Set down the data below without change, skipping the pictures it holds.

Information provided
+ + + + + + +
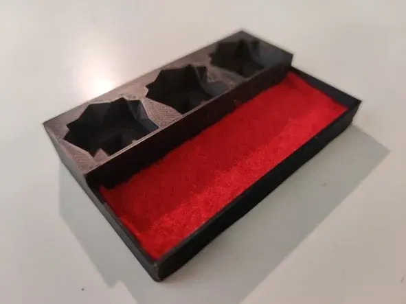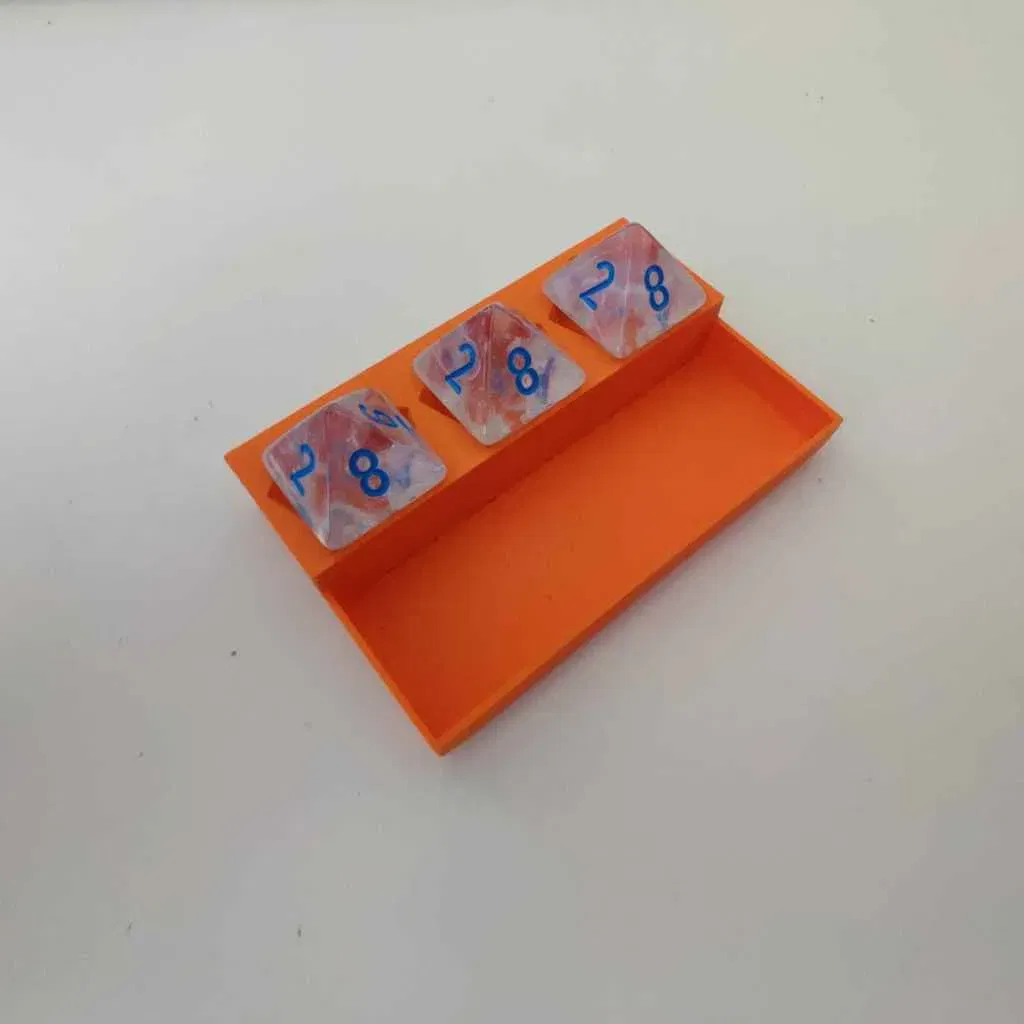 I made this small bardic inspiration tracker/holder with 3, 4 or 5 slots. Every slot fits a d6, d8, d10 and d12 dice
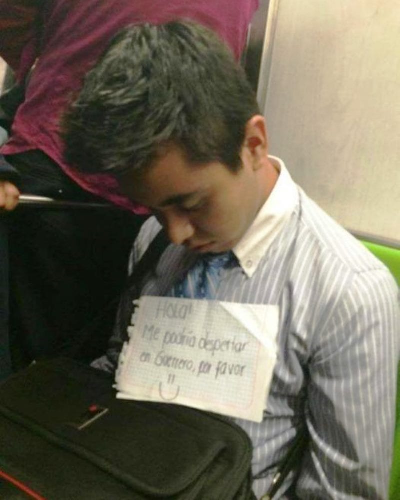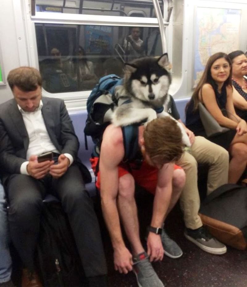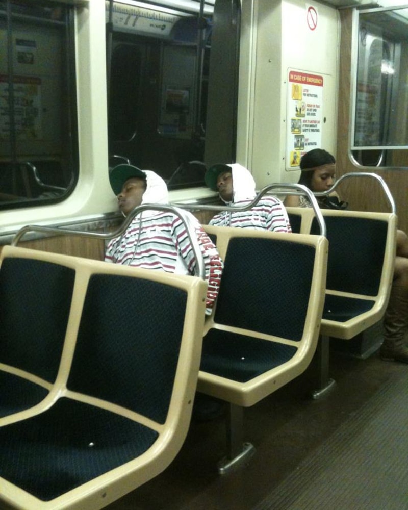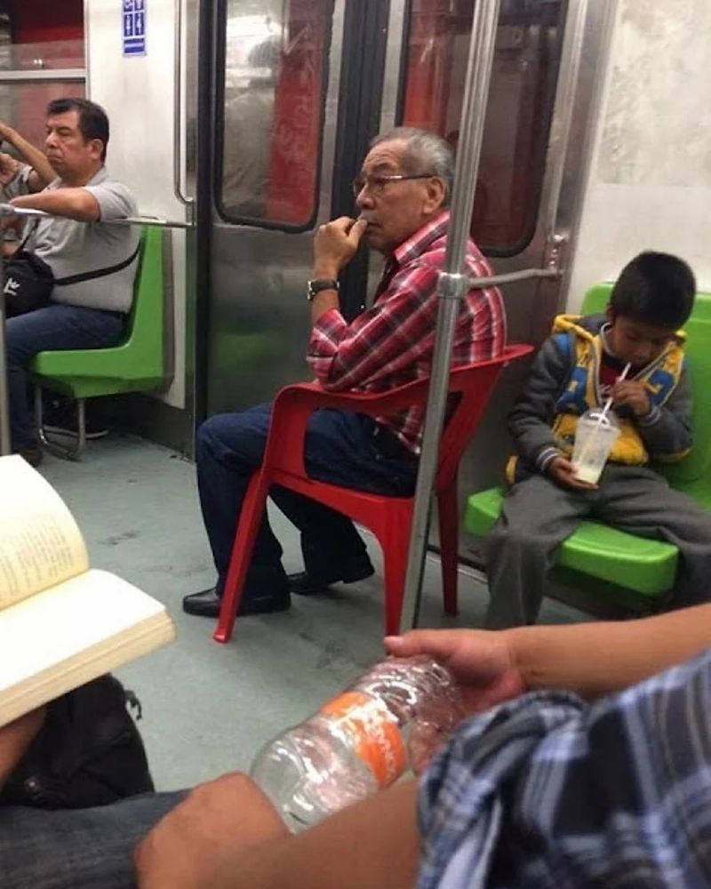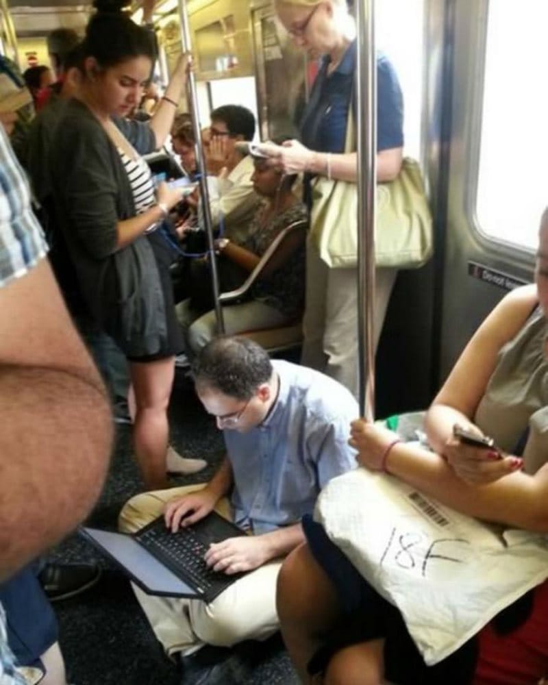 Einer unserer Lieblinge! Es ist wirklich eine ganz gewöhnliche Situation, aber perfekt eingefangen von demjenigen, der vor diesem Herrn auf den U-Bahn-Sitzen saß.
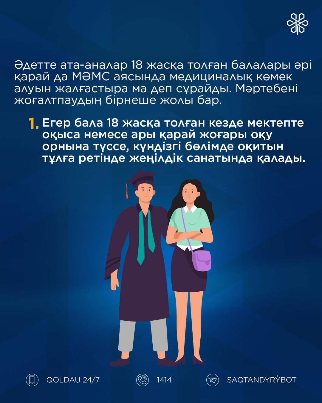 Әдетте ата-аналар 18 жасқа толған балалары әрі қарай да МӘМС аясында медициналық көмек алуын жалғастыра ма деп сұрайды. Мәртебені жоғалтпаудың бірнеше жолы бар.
+ + + + + + +
Written answer
 I made this small bardic inspiration tracker/holder with 3, 4 or 5 slots. Every slot fits a d6, d8, d10 and d12 dice
 Einer unserer Lieblinge! Es ist wirklich eine ganz gewöhnliche Situation, aber perfekt eingefangen von demjenigen, der vor diesem Herrn auf den U-Bahn-Sitzen saß.
 Әдетте ата-аналар 18 жасқа толған балалары әрі қарай да МӘМС аясында медициналық көмек алуын жалғастыра ма деп сұрайды. Мәртебені жоғалтпаудың бірнеше жолы бар.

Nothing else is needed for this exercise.